REQUIRED WORK: What is needed is a word-for-word copy of the lines below from the one with "2- Parcours La" through the one with "Το μεσημέρι της", both included, with every picture left out.

PROVIDED DATA:
----
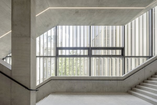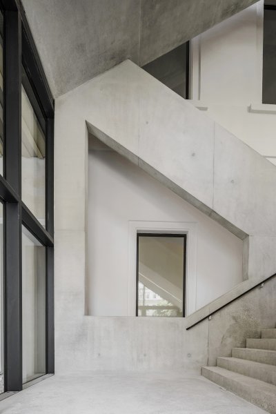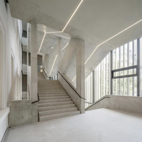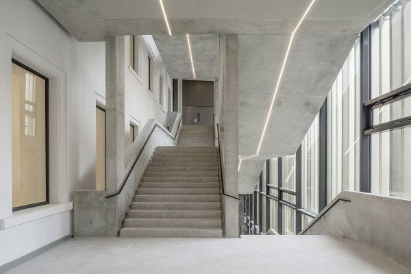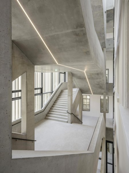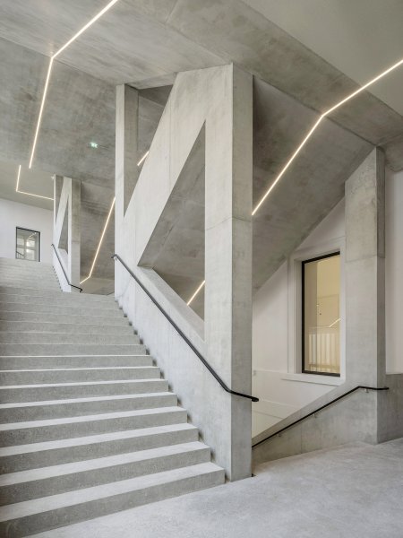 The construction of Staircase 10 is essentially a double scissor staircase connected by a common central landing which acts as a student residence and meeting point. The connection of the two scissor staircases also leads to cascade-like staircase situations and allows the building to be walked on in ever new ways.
----
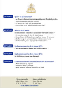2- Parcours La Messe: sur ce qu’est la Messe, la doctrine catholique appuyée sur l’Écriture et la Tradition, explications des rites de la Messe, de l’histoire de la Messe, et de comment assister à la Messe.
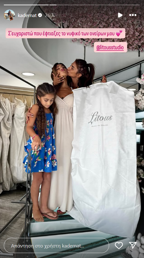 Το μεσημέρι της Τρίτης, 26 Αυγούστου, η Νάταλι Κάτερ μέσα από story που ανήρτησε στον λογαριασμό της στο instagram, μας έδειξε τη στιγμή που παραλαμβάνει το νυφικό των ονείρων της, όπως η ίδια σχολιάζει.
----
TASK RESPONSE:
2- Parcours La Messe: sur ce qu’est la Messe, la doctrine catholique appuyée sur l’Écriture et la Tradition, explications des rites de la Messe, de l’histoire de la Messe, et de comment assister à la Messe.
 Το μεσημέρι της Τρίτης, 26 Αυγούστου, η Νάταλι Κάτερ μέσα από story που ανήρτησε στον λογαριασμό της στο instagram, μας έδειξε τη στιγμή που παραλαμβάνει το νυφικό των ονείρων της, όπως η ίδια σχολιάζει.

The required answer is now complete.